A. Cairo's first reaction to the Hamas takeover of Gaza was total condemnation, withdrawal of Egyptian military and diplomatic personnel and unqualified support for Abbas. But the Sharm al-Sheikh summit of two weeks ago, where President Mubarak indicated an intention to resume contact with Hamas, bespoke a rethinking of the issues on Egypt's part that surprised both Abbas and Olmert. In particular, Egyptian policymakers were receptive to Hamas' explanation that its violent coup was directed at what it described as the hard-line Fateh position of Gaza security chief Mohammad Dahlan and his American-backed attempt to oust Hamas from power by force, rather than against the Hamas-Fateh unity government or President Abbas per se.

Now, Cairo appears to be seeking a middle way. It is sending its military liaisons back into Gaza but keeping its diplomats in Ramallah. It is not endorsing Hamas' call for a new unity government but rather working on facilitating some sort of new framework for contact between Hamas and Abbas, even as senior Egyptians publicly criticize Abbas' leadership in the current crisis.
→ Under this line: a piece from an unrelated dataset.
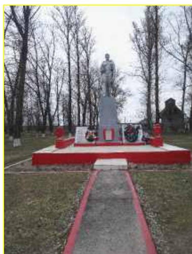
Фото 4. д.Косовка. Скульптура воина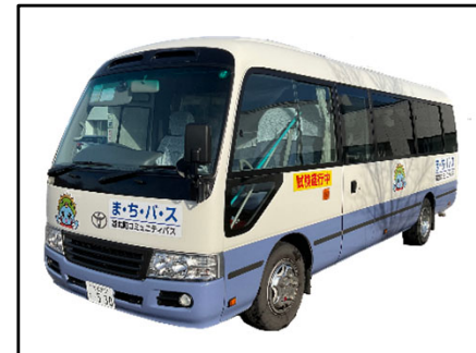
コミュニティバスの運行

Egypt wants to reopen the Rafah crossing between Sinai and Gaza, but only in coordination with Israel, Abbas and Hamas--a tall order. Meanwhile, some 6,000 Gazans are stuck on the Egyptian side of the crossing because Hamas refuses to allow them back into Gaza via Kerem Shalom on the Egypt-Israel-Gaza border.
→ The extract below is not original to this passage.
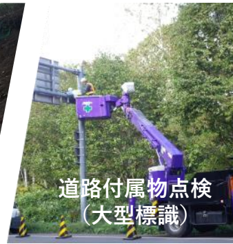
道路付属物点検 (大型標識)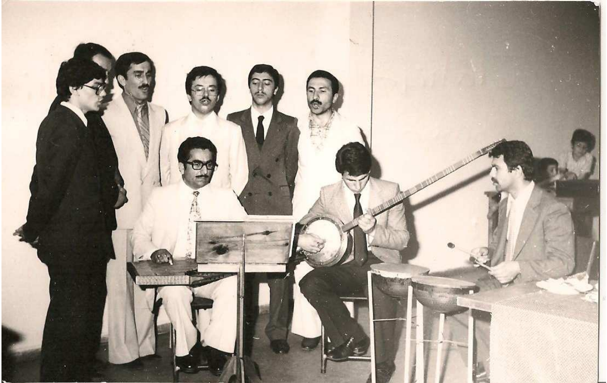
İlahiyat Fakültesi Koro Çalışması 1980

Egyptian government spokespersons insist that Egypt does not view Hamas, with its affiliation with the Egyptian Muslim Brotherhood and links with Sinai-based terror, as a strategic threat. Rather, they define Hamas as a "major concern", and express particular recognition of the need to prevent the flow of Islamists from Gaza into Sinai. In this regard, the Egyptians indicate a readiness to beef up their military force posted along the Sinai-Gaza-philadelphi strip border in order to prevent smuggling of weapons and infiltration of terrorists; they blame Israel for delaying agreement. In Israel, on the other hand, there is a strong sense that the Egyptian problem along philadelphi is not quantitative, but rather qualitative and motivational.

One indication of the way the Mubarak regime now differentiates between its problems with Hamas in Gaza and its far more confrontational attitude toward Hamas' parent movement, the Egyptian Muslim Brotherhood, was explained on July 6 by Wahid Abdelmagid in the UAE's al-Ittihad newspaper. "Egypt", notes Abdelmagid, "has . . . maintained an ongoing dialogue with representations of the `Palestinian Brotherhood' [Hamas] while refusing to accept the need for a similar dialogue with the `Egyptian Brotherhood'--that is, the main body from which the Palestinian Brotherhood has branched off". Egypt prefers to view the Palestinian Brotherhood as primarily a manifestation of Palestinian nationalism rather than as a direct threat. Hence "Egypt prefers to contain the threat that Hamas represents, rather than waging war against it or initiating a confrontation with it".

To this, adds Urayb al-Rintawi of Jordan's ad-Dustour, we must add Cairo's disappointment with the alternative to Hamas--Fateh and Abbas. Cairo "fully realizes that President Abbas' path of reviving negotiations [with Israel] and implementing his own `peace project' is at a dead-end and will lead nowhere."

Is it realistic for Egypt to seek to remain on good terms with all parties in and around Gaza and conciliate among them? Probably not, in view of the substantive differences dividing Fateh and Hamas. Nor is it possible to ignore the general decline of the Mubarak regime and Cairo's failure to maintain its traditional inter-Arab leadership posture.

True, the Saudi bubble of alternative leadership appears to have burst. The Saudis, who sponsored the now defunct Palestinian unity government at Mecca, appear to have lost both interest in and the capacity to follow up on this and additional regional initiatives. Riyadh displays little of the diplomatic depth that has long characterized Cairo's approach to regional issues. But the Arab state crisis of governance goes deeper than the Saudi-Egyptian rivalry. Five Arab League members--Iraq, Lebanon, Palestine, Sudan and Somalia--are literally falling apart. The challenge posed to the Arabs by Iran and militant Sunni and Shi'ite Islam goes unanswered. Neither Egypt nor Saudi Arabia appears to be up to the challenge of leading the Arab world out of this crisis.